## DATASET EXCERPTS:
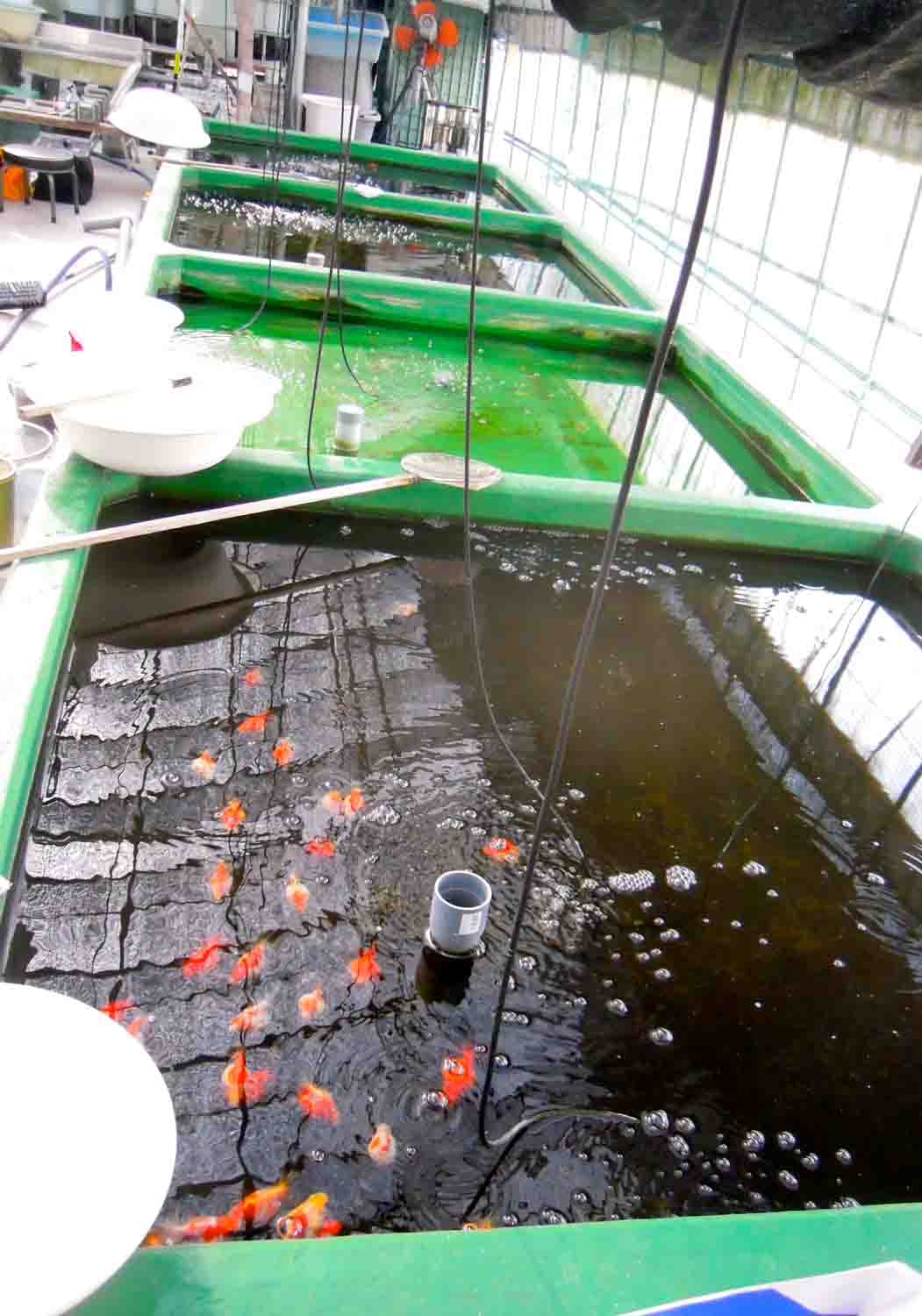 またその飼育場には蘭鋳だけでなくピンポンパールや、
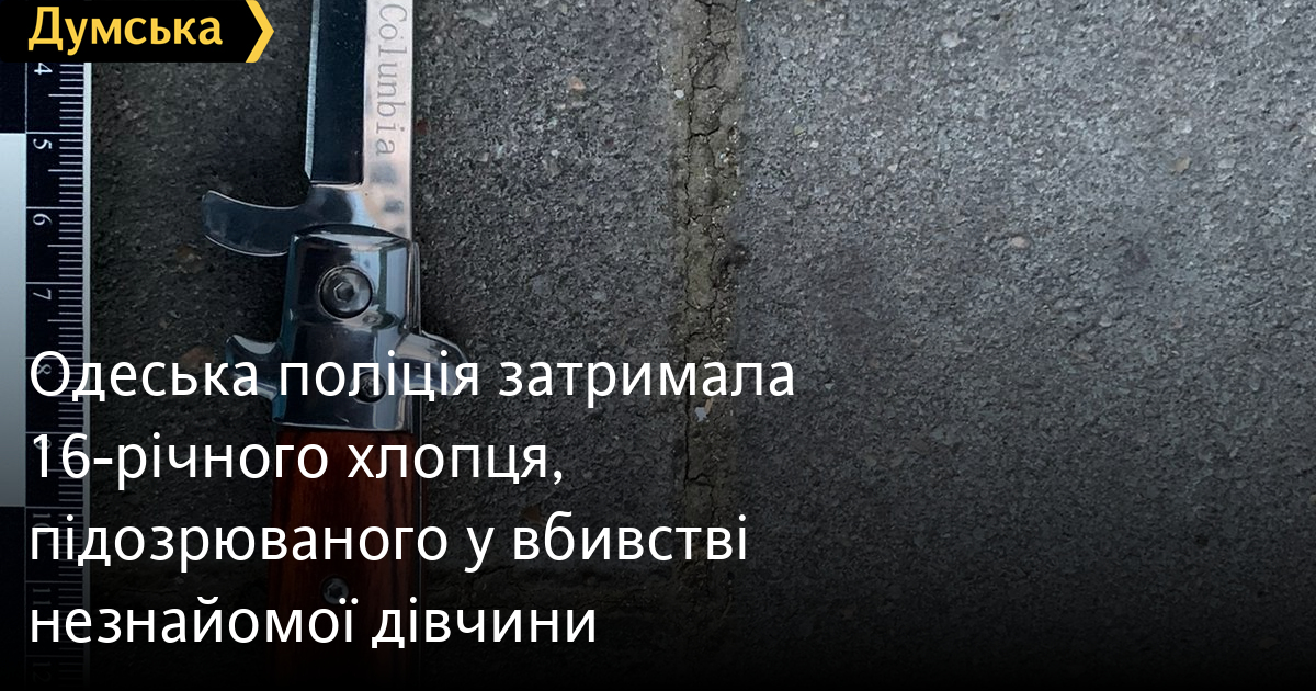 Одеська поліція затримала 16-річного хлопця, підозрюваного у вбивстві незнайомої дівчини16-річного хлопця, якого підозрюють в умисному вбивстві дівчини, затримали в Одесі. Як повідомили в обласній поліції, трагедія сталася минулого тижня в центрі Одеси. На вулиці Катерининській між неповнолітнім хлопцем і незнайомою йому 20-річною дівчиною та її співмешканцем сталася перепалка. У розпал конфлікту підозрюваний витягнув ніж і вдарив дівчину в груди. Поліцію та швидку викликали очевидці. Постраждалу госпіталізували з проникаючим ножовим пораненням серця. Через деякий час вона померла. Підозрюваного поліцейські затримали на місці злочину, там же виявили й ніж, яким було завдано смертельного удару. Фігурантові оголосили про підозру в умисному вбивстві за частиною першою статті 115 КК України. Йому обрали запобіжний захід у вигляді тримання під вартою. Слідство триває. Помітили помилку? Виділяйте слова з помилкою та натискайте control-enter Новини по цій темі: 29 липня 2025: В Усатово Одеської області сталася перестрілка: поліція працює на місці (відео, оновлено) 28 липня 2025: П'яний на "Ягуарі" або гіпертонік? Звільнений топ-посадовець одеської поліції хоче повернутися на службу 19 червня 2025: Дівчинку, яку шукали сотні одеситів, знайшли вбитою: поліція працює з чоловіком, ймовірно причетним до загибелі 27 травня 2025: Увели гектар в університету: на Одещині засудили земельних аферистів, але без посадки і Хвоста |
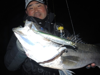 写真は数日前に東京湾河川にて、バチ抜けパターンで使用したスレンに飛びついたナイスサイズのシーバスです!
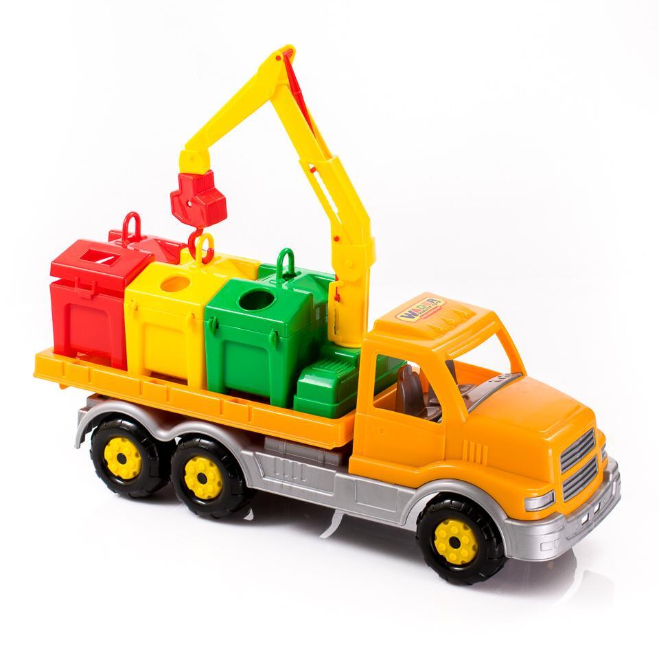 Игрушка "Сталкер": грузовик-контейнеровоз с подъёмным краном, 3 контейнера, оранжевый (Полесье)
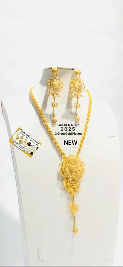 Découvrez l'élégance intemporelle avec cette parure dorée plaquée or de 2 grammes. Incluant un collier exquis et des boucles d'oreilles assorties, ce set est parfait pour sublimer vos tenues de soirée ou vos moments spéciaux. Design raffiné pour une allure chic.
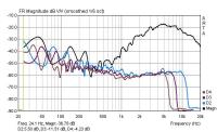 Die Messungen passen auch nicht. (Ich verweise nur nochmal kurz auf das Kompendium; wirklich gelesen?) Du hast mit 1/6 oct geglättet; wenn Du mal mit 1/24 oct glättest, siehst Du das wahre Ausmaß des Gezappels.
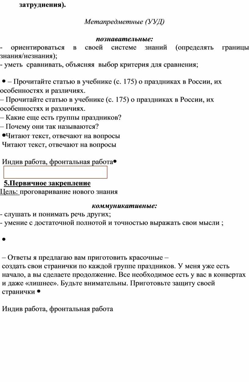 Индив работа, фронтальная работа
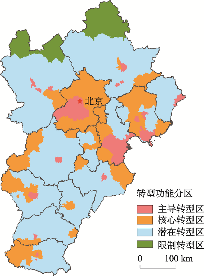 京津冀地区之间的发展差异大,近年来城乡转型迅速,缩小城乡差距和城乡融合发展是京津冀协同发展的基础[6]。依托“分区、分类”的研究思想,本文旨在通过定量城乡协调转型度进行城乡转型功能分区,在分区的基础上梳理京津冀乡村振兴模式,形成区域发展样板,为京津冀乡村振兴提供理论参考,并为我国其他地区梳理乡村振兴模式提供研究思路和技术支撑。
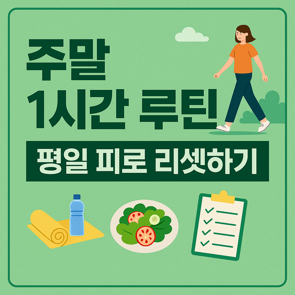 👋 주말, 어떻게 보내고 있나요?현대인에게 주말은 단순한 휴식일이 아니라, 한 주간 쌓인 피로를 회복하고 새로운 주를 준비하는 중요한 시간입니다.그런데 많은 사람들이 주말을 무의미하게 보내고 있습니다.늦잠을 자거나, 하루 종일 TV·스마트폰을 보거나, 기름진 음식을 먹으며 “쉬었다”고 생각하지만, 오히려 몸은 더 무겁고 마음은 더 지칩니다.그래서 월요일 아침마다 “더 피곤하다”라는 말을 반복하게 되는 것이죠.사실 주말은 단 1시간만 잘 활용해도 충분합니다.짧지만 효과적인 1시간 루틴을 만들면, 평일 동안 쌓인 피로를 풀고, 활력을 되찾아 새로운 한 주를 가볍게 시작할 수 있습니다.🌿 주말 1시간 루틴의 핵심 구성이번 글에서는 5단계 루틴으로 나누어 소개합니다.각 단계별로 5~15분씩만 투자하면 총 1..
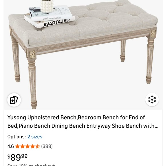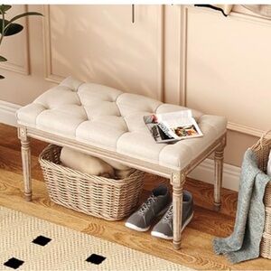 Stylish beige upholstered bench with wooden legs. Perfect for any room.
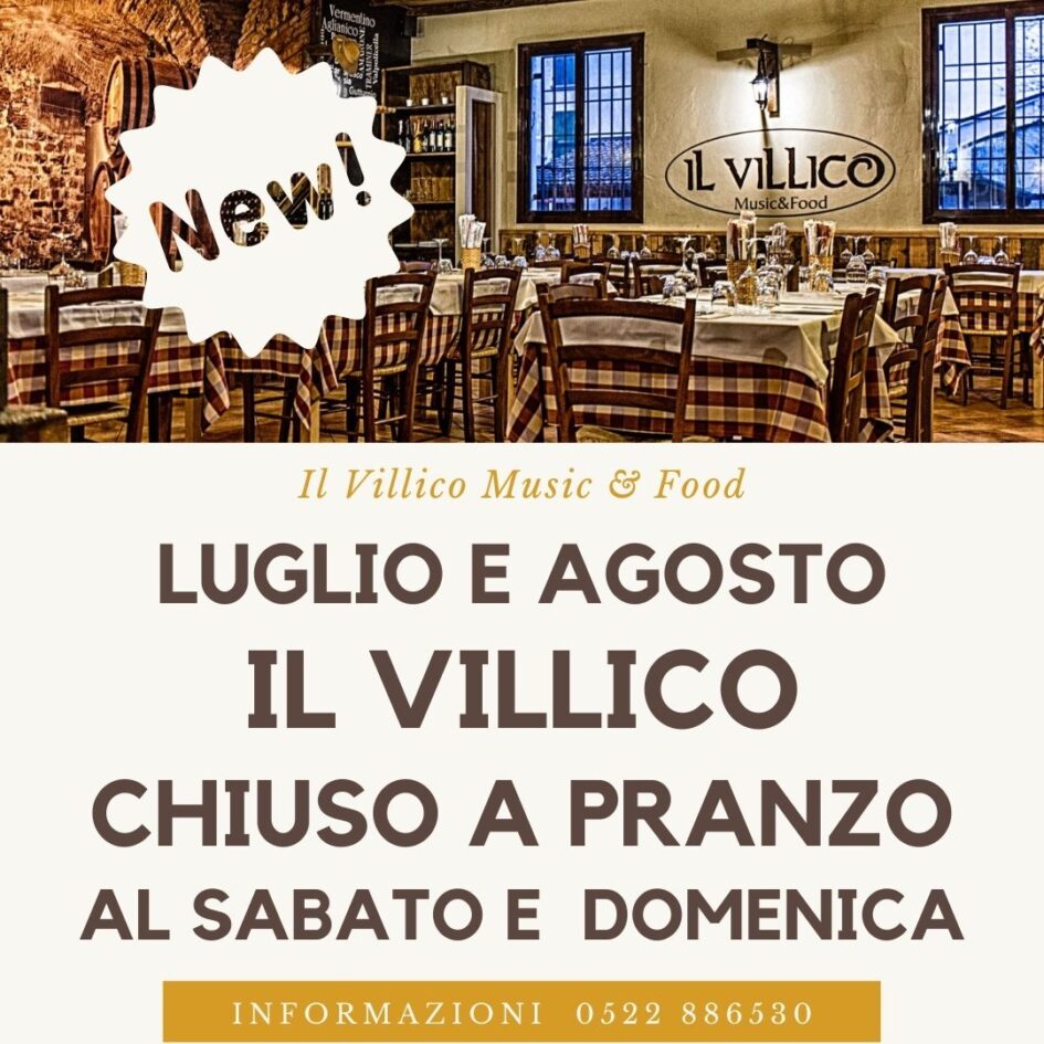 Comunichiamo alla gentile clientela che Il Villico Music&Food nei mesi di Luglio e Agosto NON effettuerà il servizio del PRANZO nei giorni di SABATO E DOMENICA. Per il resto continueremo ad accogliervi nella distesa estiva oppure all’interno climatizzato. Grazie.

## WHAT IS NEEDED:
Copy every record exactly, but skip the pictures.

## YOUR RESPONSE:
 またその飼育場には蘭鋳だけでなくピンポンパールや、
 Одеська поліція затримала 16-річного хлопця, підозрюваного у вбивстві незнайомої дівчини16-річного хлопця, якого підозрюють в умисному вбивстві дівчини, затримали в Одесі. Як повідомили в обласній поліції, трагедія сталася минулого тижня в центрі Одеси. На вулиці Катерининській між неповнолітнім хлопцем і незнайомою йому 20-річною дівчиною та її співмешканцем сталася перепалка. У розпал конфлікту підозрюваний витягнув ніж і вдарив дівчину в груди. Поліцію та швидку викликали очевидці. Постраждалу госпіталізували з проникаючим ножовим пораненням серця. Через деякий час вона померла. Підозрюваного поліцейські затримали на місці злочину, там же виявили й ніж, яким було завдано смертельного удару. Фігурантові оголосили про підозру в умисному вбивстві за частиною першою статті 115 КК України. Йому обрали запобіжний захід у вигляді тримання під вартою. Слідство триває. Помітили помилку? Виділяйте слова з помилкою та натискайте control-enter Новини по цій темі: 29 липня 2025: В Усатово Одеської області сталася перестрілка: поліція працює на місці (відео, оновлено) 28 липня 2025: П'яний на "Ягуарі" або гіпертонік? Звільнений топ-посадовець одеської поліції хоче повернутися на службу 19 червня 2025: Дівчинку, яку шукали сотні одеситів, знайшли вбитою: поліція працює з чоловіком, ймовірно причетним до загибелі 27 травня 2025: Увели гектар в університету: на Одещині засудили земельних аферистів, але без посадки і Хвоста |
 写真は数日前に東京湾河川にて、バチ抜けパターンで使用したスレンに飛びついたナイスサイズのシーバスです!
 Игрушка "Сталкер": грузовик-контейнеровоз с подъёмным краном, 3 контейнера, оранжевый (Полесье)
 Découvrez l'élégance intemporelle avec cette parure dorée plaquée or de 2 grammes. Incluant un collier exquis et des boucles d'oreilles assorties, ce set est parfait pour sublimer vos tenues de soirée ou vos moments spéciaux. Design raffiné pour une allure chic.
 Die Messungen passen auch nicht. (Ich verweise nur nochmal kurz auf das Kompendium; wirklich gelesen?) Du hast mit 1/6 oct geglättet; wenn Du mal mit 1/24 oct glättest, siehst Du das wahre Ausmaß des Gezappels.
 Индив работа, фронтальная работа
 京津冀地区之间的发展差异大,近年来城乡转型迅速,缩小城乡差距和城乡融合发展是京津冀协同发展的基础[6]。依托“分区、分类”的研究思想,本文旨在通过定量城乡协调转型度进行城乡转型功能分区,在分区的基础上梳理京津冀乡村振兴模式,形成区域发展样板,为京津冀乡村振兴提供理论参考,并为我国其他地区梳理乡村振兴模式提供研究思路和技术支撑。
 👋 주말, 어떻게 보내고 있나요?현대인에게 주말은 단순한 휴식일이 아니라, 한 주간 쌓인 피로를 회복하고 새로운 주를 준비하는 중요한 시간입니다.그런데 많은 사람들이 주말을 무의미하게 보내고 있습니다.늦잠을 자거나, 하루 종일 TV·스마트폰을 보거나, 기름진 음식을 먹으며 “쉬었다”고 생각하지만, 오히려 몸은 더 무겁고 마음은 더 지칩니다.그래서 월요일 아침마다 “더 피곤하다”라는 말을 반복하게 되는 것이죠.사실 주말은 단 1시간만 잘 활용해도 충분합니다.짧지만 효과적인 1시간 루틴을 만들면, 평일 동안 쌓인 피로를 풀고, 활력을 되찾아 새로운 한 주를 가볍게 시작할 수 있습니다.🌿 주말 1시간 루틴의 핵심 구성이번 글에서는 5단계 루틴으로 나누어 소개합니다.각 단계별로 5~15분씩만 투자하면 총 1..
 Stylish beige upholstered bench with wooden legs. Perfect for any room.
 Comunichiamo alla gentile clientela che Il Villico Music&Food nei mesi di Luglio e Agosto NON effettuerà il servizio del PRANZO nei giorni di SABATO E DOMENICA. Per il resto continueremo ad accogliervi nella distesa estiva oppure all’interno climatizzato. Grazie.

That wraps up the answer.